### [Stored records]

*-*-*

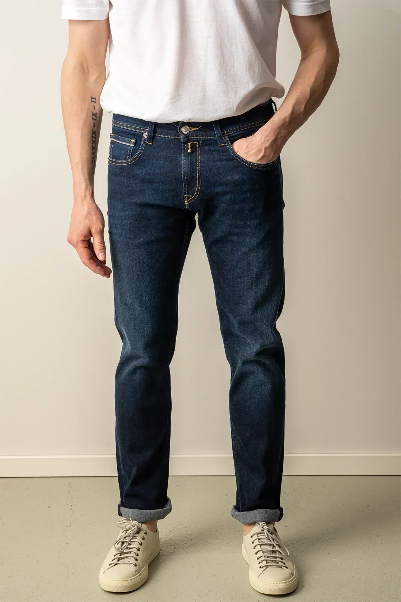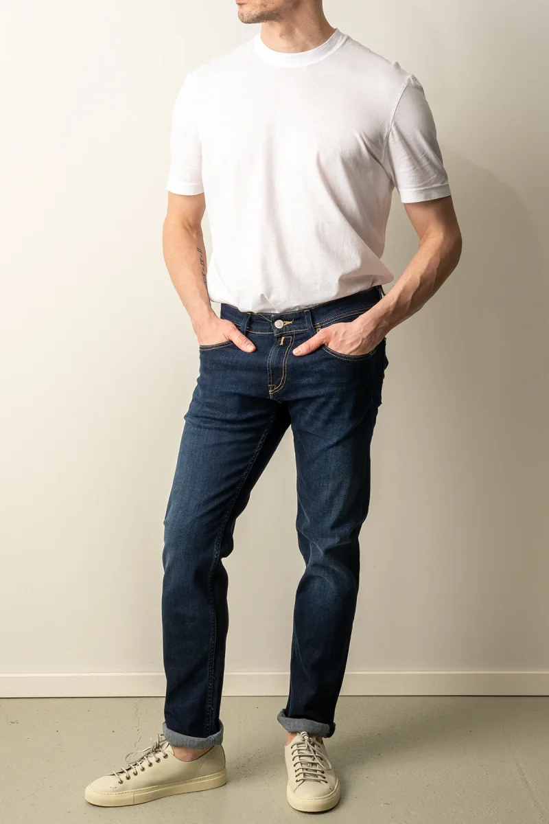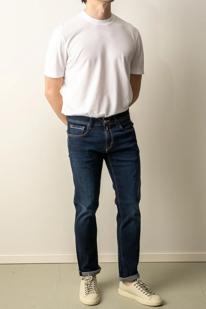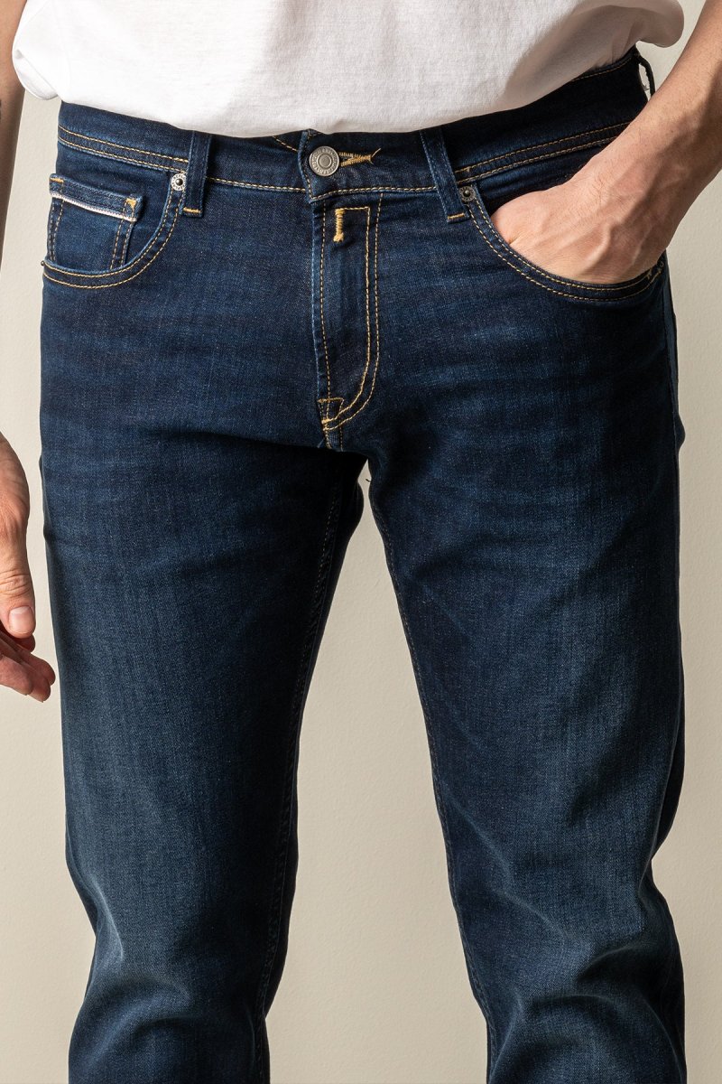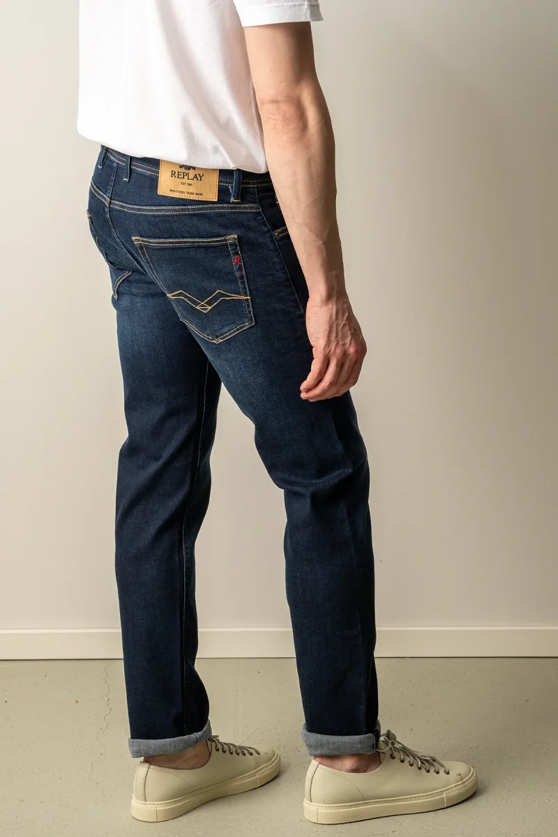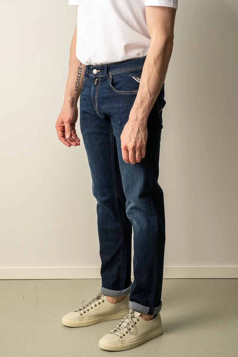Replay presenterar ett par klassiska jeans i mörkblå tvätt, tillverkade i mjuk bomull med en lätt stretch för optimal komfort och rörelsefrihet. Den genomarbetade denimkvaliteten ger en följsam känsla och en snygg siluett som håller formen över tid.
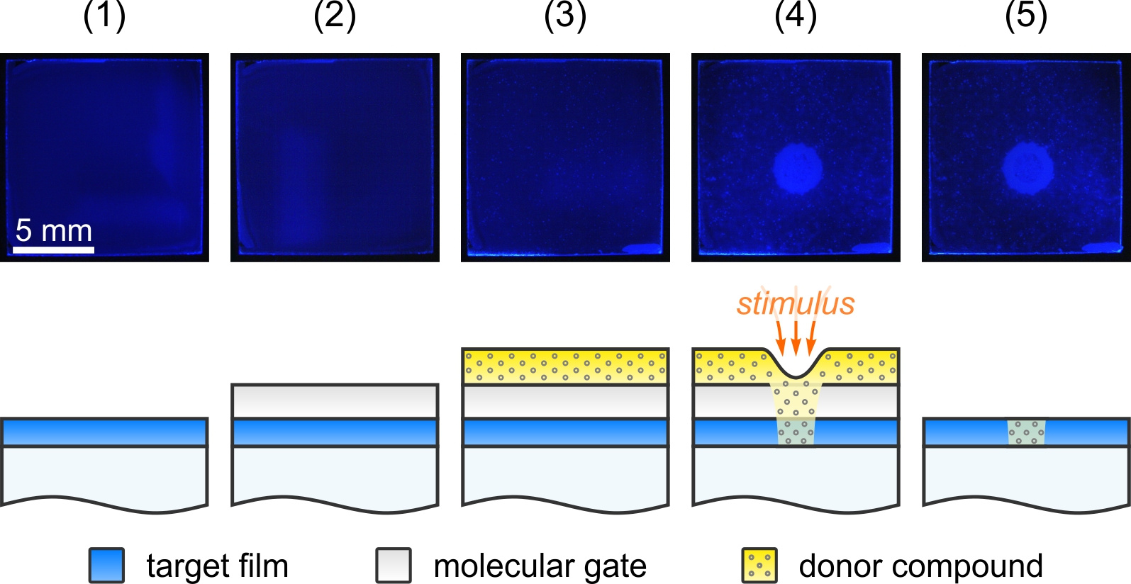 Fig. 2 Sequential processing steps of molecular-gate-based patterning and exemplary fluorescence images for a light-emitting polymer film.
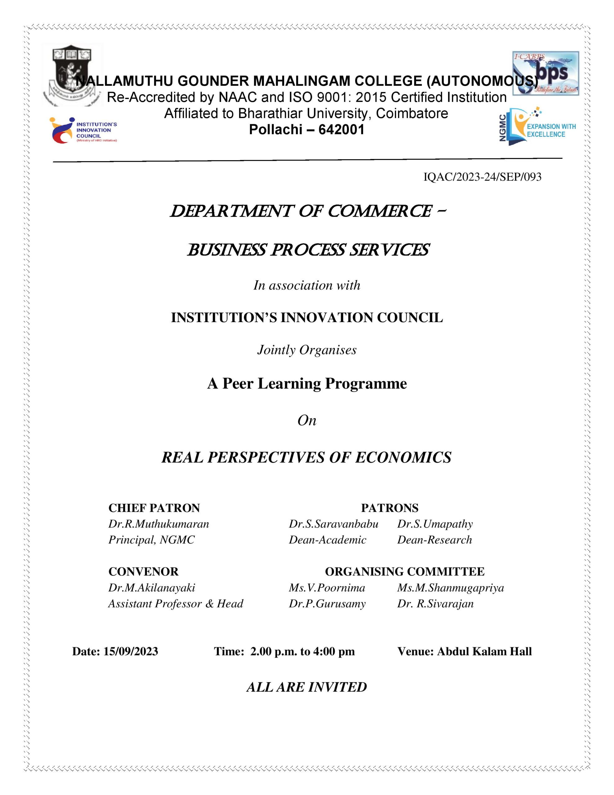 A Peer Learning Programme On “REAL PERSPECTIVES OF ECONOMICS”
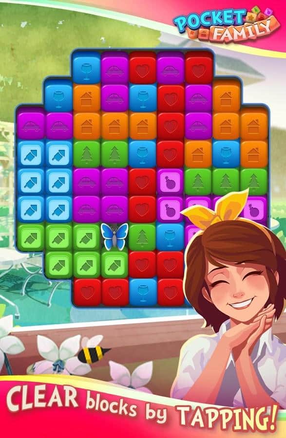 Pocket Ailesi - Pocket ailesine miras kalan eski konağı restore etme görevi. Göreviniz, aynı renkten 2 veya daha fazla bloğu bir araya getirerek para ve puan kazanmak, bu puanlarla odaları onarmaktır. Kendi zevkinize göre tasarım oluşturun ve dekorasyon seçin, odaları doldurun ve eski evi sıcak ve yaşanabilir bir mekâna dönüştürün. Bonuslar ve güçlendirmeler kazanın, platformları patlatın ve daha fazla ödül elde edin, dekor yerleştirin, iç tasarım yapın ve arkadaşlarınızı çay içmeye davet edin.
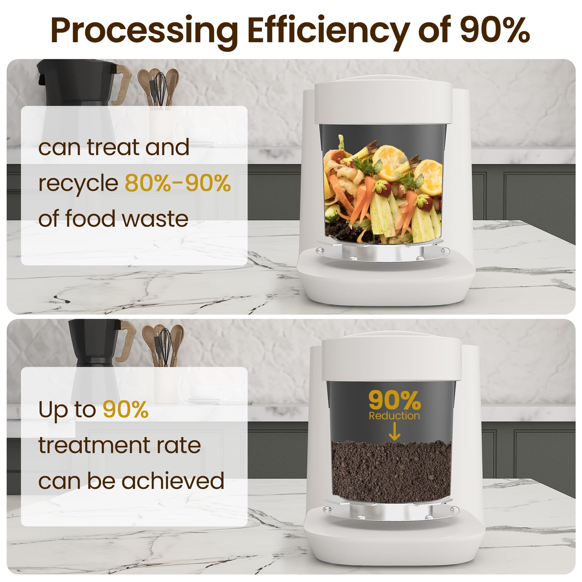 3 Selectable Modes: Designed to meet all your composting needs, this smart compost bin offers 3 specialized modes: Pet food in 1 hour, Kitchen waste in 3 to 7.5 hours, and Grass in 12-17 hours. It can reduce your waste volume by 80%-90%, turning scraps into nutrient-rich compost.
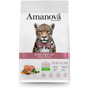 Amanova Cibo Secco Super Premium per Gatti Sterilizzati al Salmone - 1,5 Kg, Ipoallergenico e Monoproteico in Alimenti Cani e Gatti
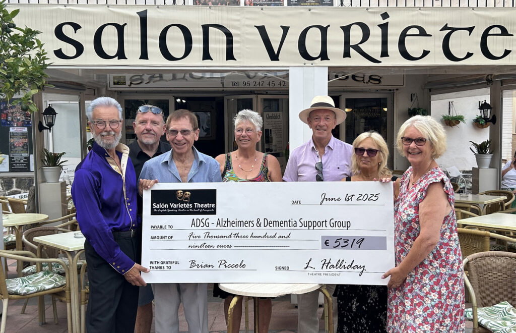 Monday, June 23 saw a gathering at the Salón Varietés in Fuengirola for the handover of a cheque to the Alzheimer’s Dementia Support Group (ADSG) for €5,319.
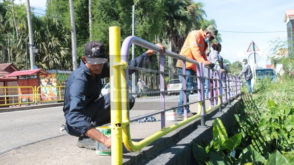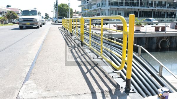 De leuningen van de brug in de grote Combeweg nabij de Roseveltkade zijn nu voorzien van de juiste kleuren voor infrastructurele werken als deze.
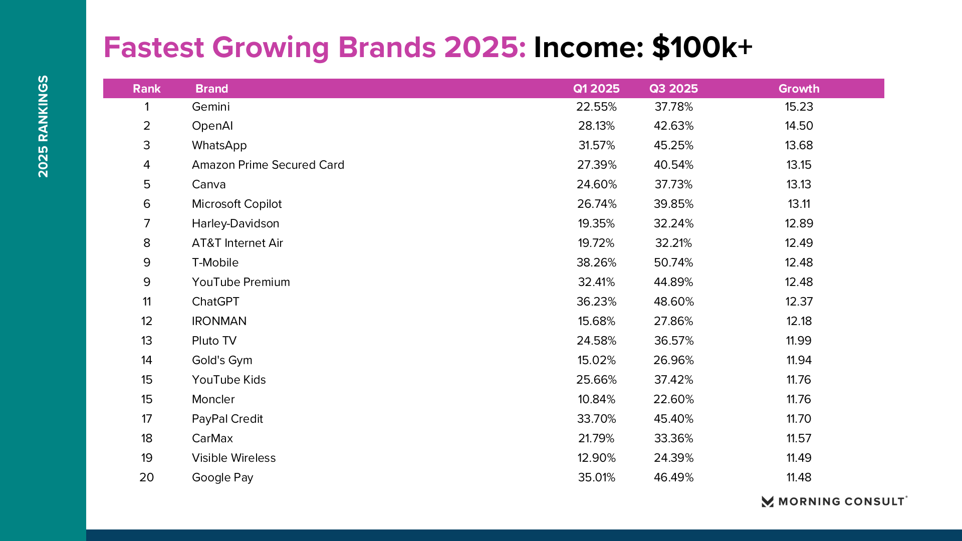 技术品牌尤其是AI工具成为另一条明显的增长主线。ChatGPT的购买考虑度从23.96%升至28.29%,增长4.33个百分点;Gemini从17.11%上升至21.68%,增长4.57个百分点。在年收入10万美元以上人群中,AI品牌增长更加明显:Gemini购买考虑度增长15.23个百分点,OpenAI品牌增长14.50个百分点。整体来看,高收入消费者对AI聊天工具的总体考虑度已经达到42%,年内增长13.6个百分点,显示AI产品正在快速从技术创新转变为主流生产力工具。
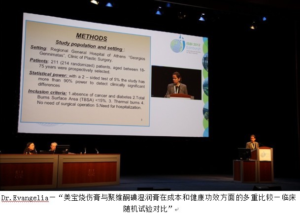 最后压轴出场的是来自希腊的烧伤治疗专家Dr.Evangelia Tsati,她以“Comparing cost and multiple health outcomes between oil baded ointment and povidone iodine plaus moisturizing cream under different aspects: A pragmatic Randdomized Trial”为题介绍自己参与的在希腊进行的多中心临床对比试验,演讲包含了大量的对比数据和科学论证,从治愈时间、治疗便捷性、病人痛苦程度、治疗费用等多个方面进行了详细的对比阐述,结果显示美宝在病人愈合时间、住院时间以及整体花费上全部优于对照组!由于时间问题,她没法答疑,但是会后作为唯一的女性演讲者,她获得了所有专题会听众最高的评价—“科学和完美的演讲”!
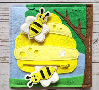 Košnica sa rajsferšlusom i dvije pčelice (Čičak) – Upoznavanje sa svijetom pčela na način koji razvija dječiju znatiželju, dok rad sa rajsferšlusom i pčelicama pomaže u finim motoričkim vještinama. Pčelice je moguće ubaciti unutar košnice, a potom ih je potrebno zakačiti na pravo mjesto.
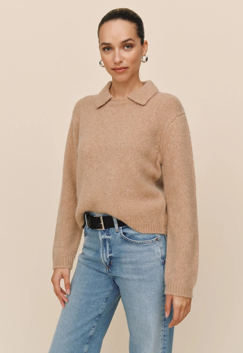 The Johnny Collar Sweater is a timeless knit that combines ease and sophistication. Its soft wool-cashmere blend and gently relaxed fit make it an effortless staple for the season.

*-*-*

### [EXERCISE OBJECTIVE]
An exact copy is required of the lines from the start of the records above through the line with "A Peer Learning", and only those, without any pictures.

### [WRITTEN RESPONSE]
Replay presenterar ett par klassiska jeans i mörkblå tvätt, tillverkade i mjuk bomull med en lätt stretch för optimal komfort och rörelsefrihet. Den genomarbetade denimkvaliteten ger en följsam känsla och en snygg siluett som håller formen över tid.
 Fig. 2 Sequential processing steps of molecular-gate-based patterning and exemplary fluorescence images for a light-emitting polymer film.
 A Peer Learning Programme On “REAL PERSPECTIVES OF ECONOMICS”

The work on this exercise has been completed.